Roundup: Constituent consultation

In another instance of MPs breaking ranks, Conservative MP Scott Reid bucked the party by opting to vote to send the marijuana legalization bill to committee on second reading. Reid notes that he has favoured legalization since 2000, and it also didn’t escape anyone’s notice that his riding is home to a major medical marijuana factory which is also looking to scale up for the recreational market.

Of course, Reid is putting this with conditions, which is that he wants amendments to the bill at committee, which includes raising the legal age to 21 (because that will totally help kill the black market), and allowing communities to maintain their own prohibitions (again, good luck with the black market). More interestingly is the fact that Reid is promising a “constituency referendum” on whether or not he should vote for the bill at third reading.

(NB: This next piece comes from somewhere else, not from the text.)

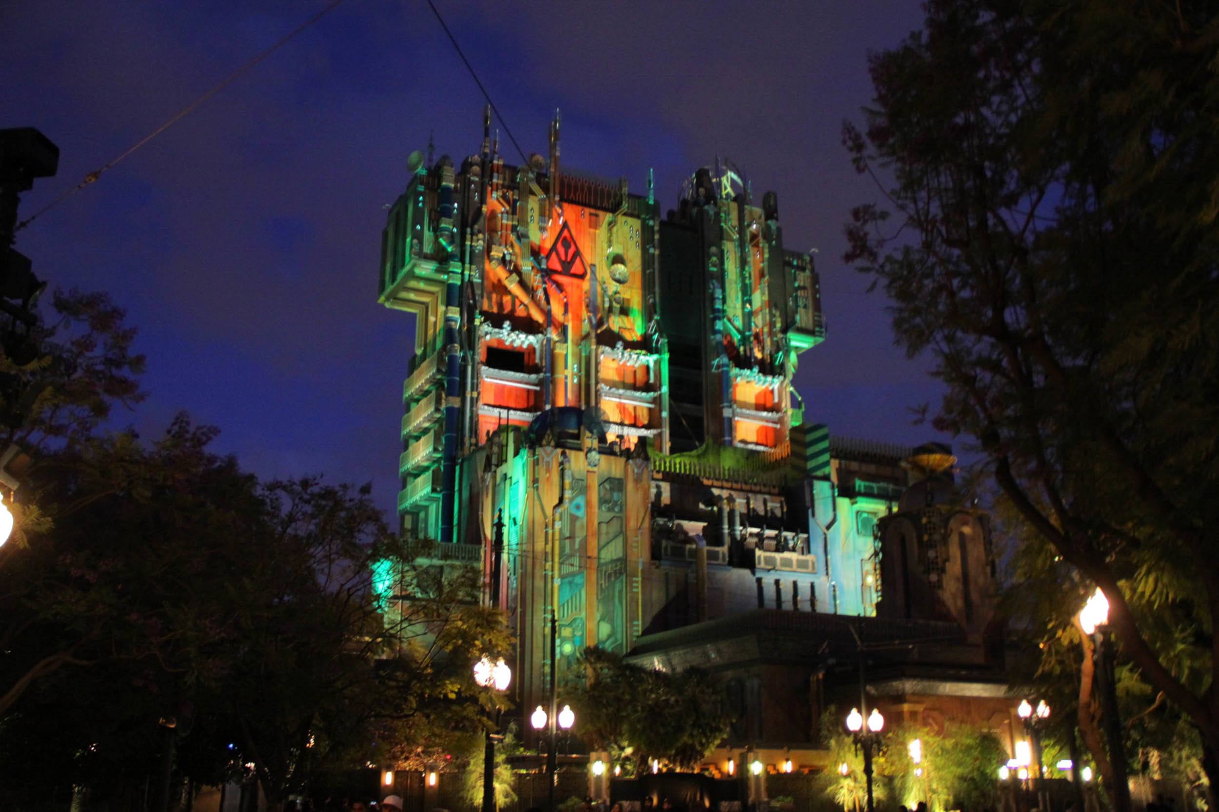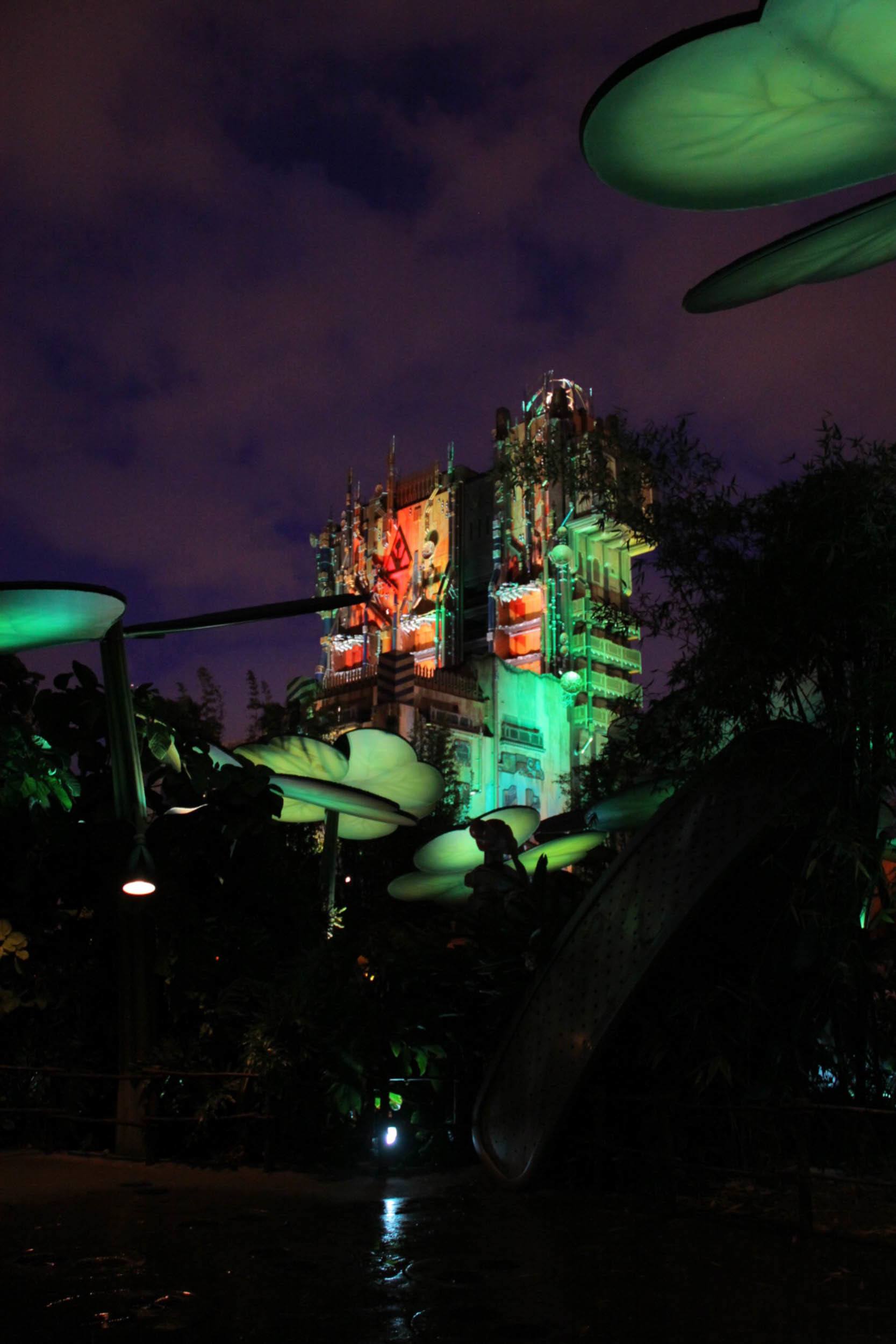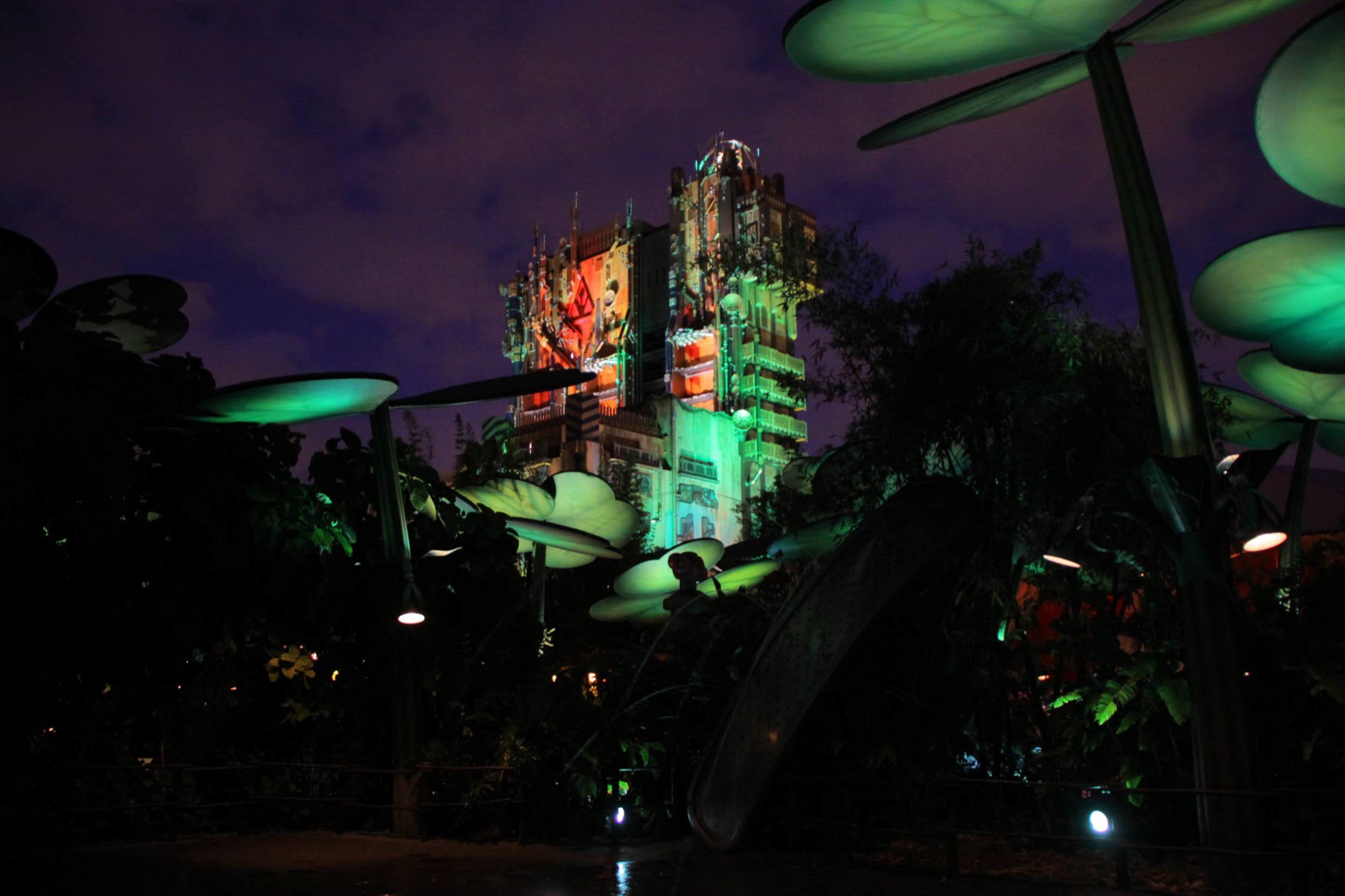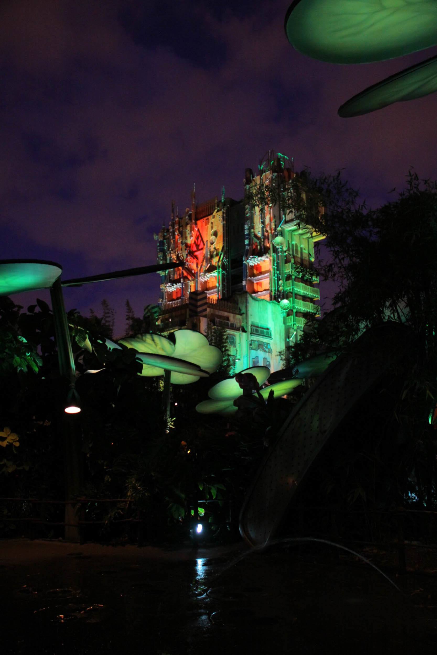 Guardians of the Galaxy – Mission: BREAKOUT! is definitely a new site at the Disneyland Resort. Guests walking by can’t help but notice the new look for the building during the day. Walk by at night and this new look becomes even more apparent! What already stands out during the day becomes even more colorful and alive at night. A light on top of the building flashes on and off, presumably a part of the story that will be told once the attraction opens. Various hues of green, gold, red, and orange light up the night on the side of the building. Listen very closely and music can be heard drifting out of the building.

It’s this referendum that I have questions about, but Reid points out in his statement that he has done this thrice before, so I’m not sure by what method he did (phone poll? Online voting?) and it’s more indicative of the Reform Party era where this sort of thing was promised a lot, and then rapidly fell into disuse because it’s not easy to organize, especially on a consistent basis with the volume of legislation that can pass through the Commons in any given session. Nevertheless, it’s novel and likely riddled with problems, and I’m not sure I would want to see MPs doing it on a regular basis because part of why we elect them in the way we do is for their judgment in a representative democracy. But…it’s novel.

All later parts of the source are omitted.